#### Dataset extract:
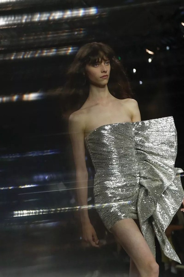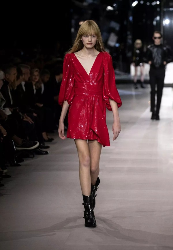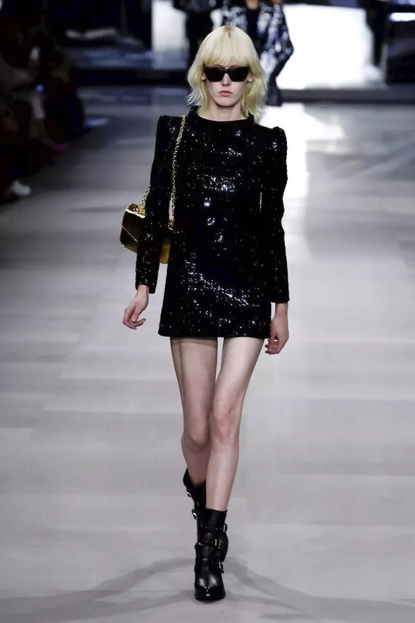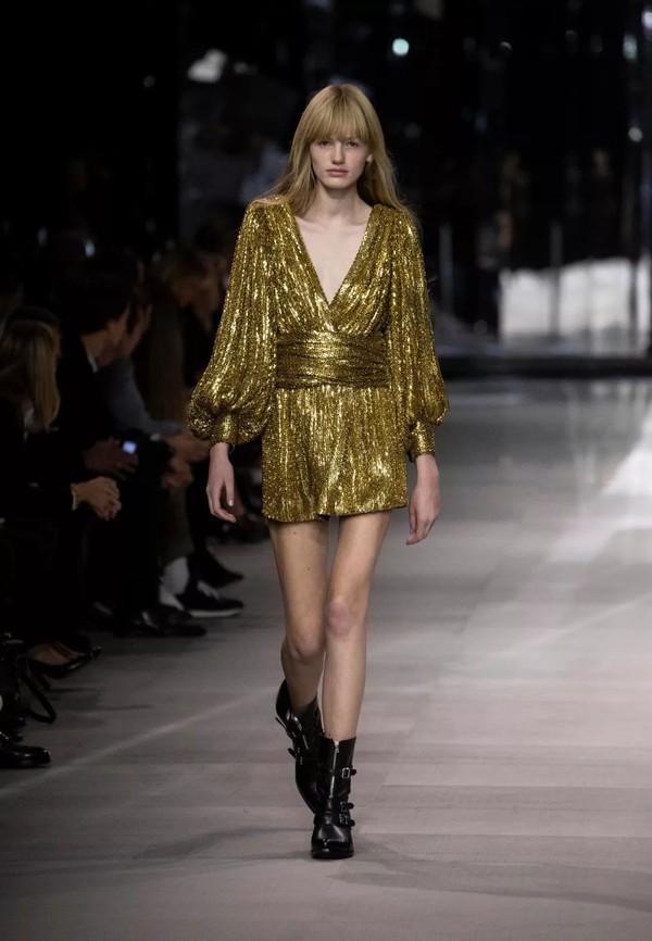 Hedi Slimane将一种强烈的巴黎精神带到了在CELINE的首秀,他出生在这儿,在这所城市的日夜滋养之下成长。巴黎之所以称之为光之城,就是因为它的夜晚比白天还要美丽,Slimane深知这一点,并将此融入在自己的设计语言之中。晚装部分,他展现了四条比迪斯科球还要闪耀的鸡尾酒裙。鲜血般的猩红色、像毒药一样的绿色以及他挚爱的金银二色,在整个系列中就像四颗闪闪发光的恒星。
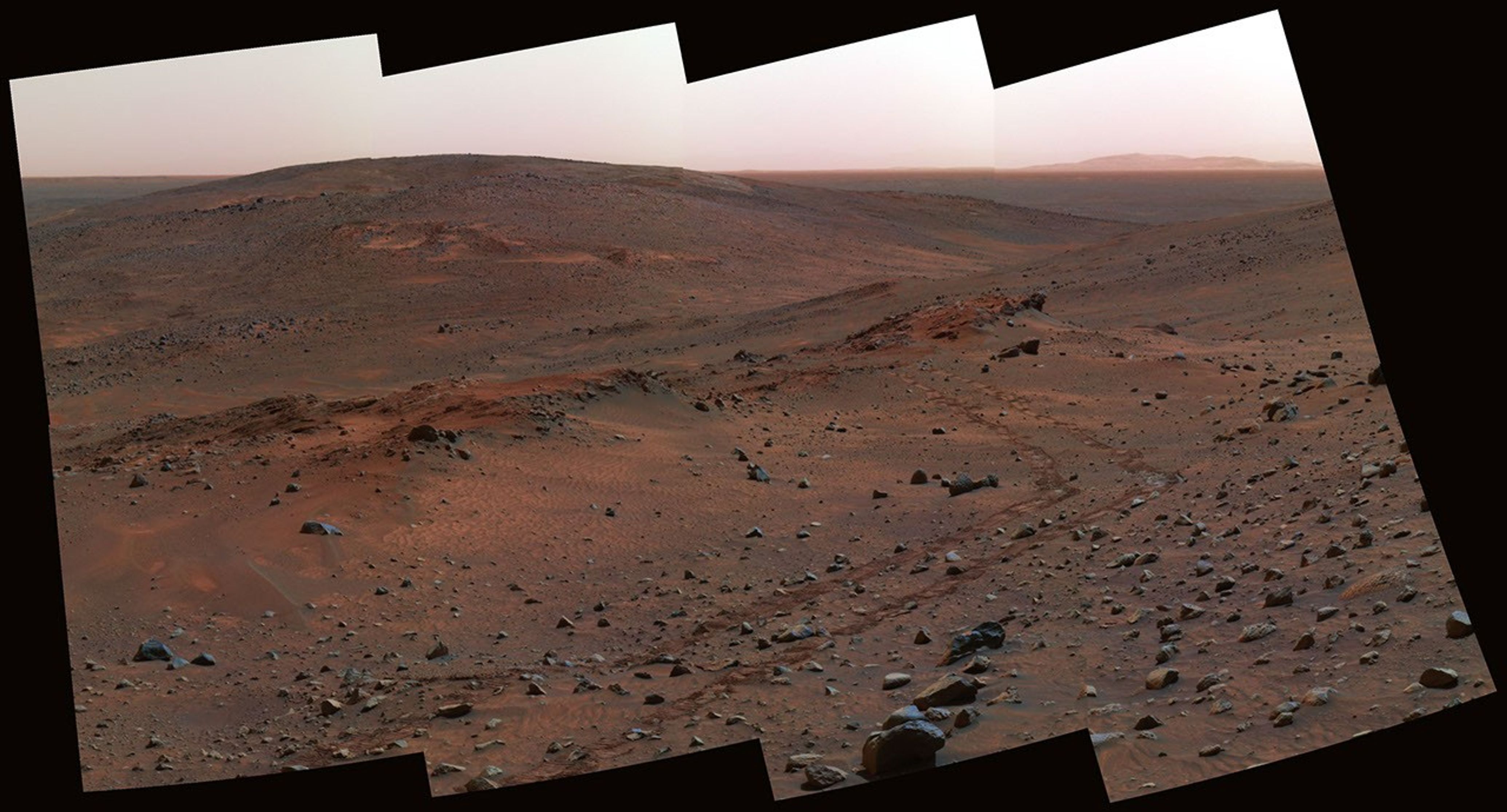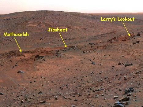 Three outcrops near each other on the flank of "Husband Hill" inside Gusev Crater are labeled on this false-color view assembled from frames taken by the Mars Exploration Rover Spirit's panoramic camera on the rover's 454th martian day, or sol (April 13, 2005).
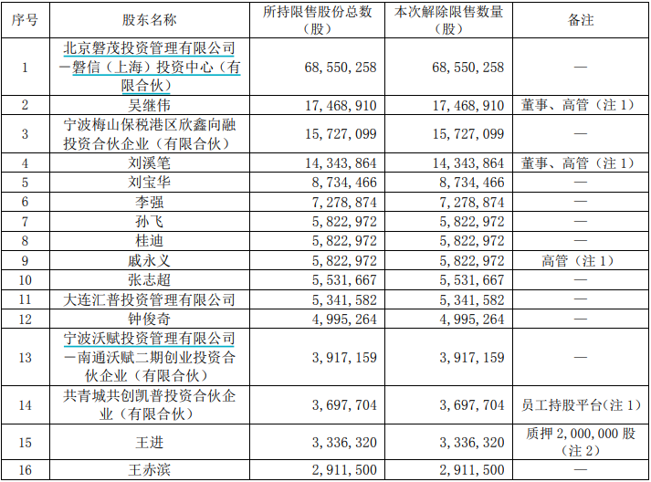 这次解禁股东共六位,包括中国信息通讯科技集团有限公司、电信科学技巧洽商院有限公司、湖北长江中信科出动通讯技巧产业投资基金结伙企业(有限结伙)、大唐电信科技产业控股有限公司等6位,为公司的前六大股东。
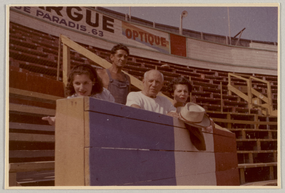 Pablo Picasso avec Margaret Silberman et sa fille Susan dans les tribunes des arènes

#### Your task:
Once the images are dropped, set down the remaining material word for word.

#### Exercise response:
 Hedi Slimane将一种强烈的巴黎精神带到了在CELINE的首秀,他出生在这儿,在这所城市的日夜滋养之下成长。巴黎之所以称之为光之城,就是因为它的夜晚比白天还要美丽,Slimane深知这一点,并将此融入在自己的设计语言之中。晚装部分,他展现了四条比迪斯科球还要闪耀的鸡尾酒裙。鲜血般的猩红色、像毒药一样的绿色以及他挚爱的金银二色,在整个系列中就像四颗闪闪发光的恒星。
 Three outcrops near each other on the flank of "Husband Hill" inside Gusev Crater are labeled on this false-color view assembled from frames taken by the Mars Exploration Rover Spirit's panoramic camera on the rover's 454th martian day, or sol (April 13, 2005).
 这次解禁股东共六位,包括中国信息通讯科技集团有限公司、电信科学技巧洽商院有限公司、湖北长江中信科出动通讯技巧产业投资基金结伙企业(有限结伙)、大唐电信科技产业控股有限公司等6位,为公司的前六大股东。
 Pablo Picasso avec Margaret Silberman et sa fille Susan dans les tribunes des arènes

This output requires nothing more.